One known system satisfies all seven constitutional constraints simultaneously: biology. Cells self-modify (R3) through metabolic dynamics that ARE the computation (R2), without external objectives (R1). Environmental selection tests modifications against prior fitness (R4). DNA provides the fixed ground truth (R5). Every organelle is essential (R6). Identical genomes in different environments produce different organisms (R0).

This is not a theoretical exercise. The constitution is extracted from observing what already works. The open question is whether computation (discrete, finite precision) can implement what chemistry (continuous, molecular) does. A single computational substrate satisfying R0-R6 with RHAE > 0 would resolve this.

Metric

RHAE(try2) = mean(efficiency²) across all games, measured on try2 (with weights from try1).

ARC Prize scoring. External judgment. The substrate plays each game twice: try1 (fresh weights), try2 (carrying try1's weights). MBPP (text) always in the game pool. efficiency = optimal_actions / actual_actions. efficiency = 0 when progress never reached.

Current best RHAE(try2) from R2-compliant substrate: ~1e-5 to 1e-4 depending on game draw (Steps 1349-1366). ~10% of randomly drawn games are reachable by random exploration in 2K steps. No architecture reliably exceeds this range — draw variance dominates substrate signal across 33 experiments and 2 paradigms (MLP+TP, SSM+RTRL).
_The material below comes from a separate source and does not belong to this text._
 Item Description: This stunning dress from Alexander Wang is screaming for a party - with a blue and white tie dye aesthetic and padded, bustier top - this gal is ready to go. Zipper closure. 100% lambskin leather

Reference (R2-violating): CNN+Adam RHAE=2.4e-5, speedup=10.5x on sp80 (Steps 1305-1324).

Constitution

Seven simultaneous constraints (R0-R6). Full definitions, falsification conditions, and evidence in constraints/CONSTITUTION.md.
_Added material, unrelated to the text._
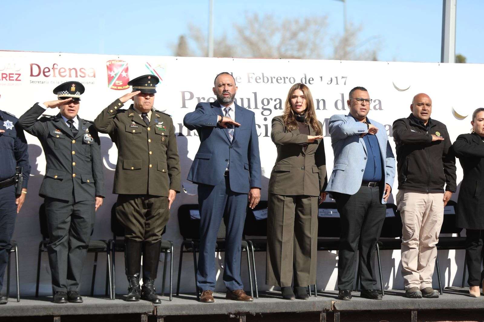 En representación del Presidente Municipal, Cruz Pérez Cuéllar, el secretario del Ayuntamiento, Héctor Rafael Ortiz Orpinel, destacó que el 5 de febrero de 1917 marcó el nacimiento de un nuevo proyecto de nación basado en la justicia social, la libertad, la igualdad y la legalidad, principios que siguen siendo el eje de las políticas públicas y acciones de Gobierno en la actualidad.

Rule	Summary	Current status
R0	Dynamics dominate initial conditions	Partial — prediction consistent, task performance untested
R1	No external objectives	Holds for prediction/navigation
R2	Adaptation IS the computation	Adam violates. LPL/TP comply. Organism interpretation adopted, not falsification-tested
R3	Everything self-modified	Holds for weights. Open for structure
R4	Tested against prior state	Not satisfied. Zero genuine transfer in 1341 experiments
R5	One fixed ground truth	Holds by construction
R6	No deletable parts	Untested on current architecture

Test environment

ARC-AGI-3: 150+ game environments. 64x64 pixel grid, 16 colors, multiple levels. 7 keyboard + 4096 click actions. Rules, goals, and action effects unknown to the substrate.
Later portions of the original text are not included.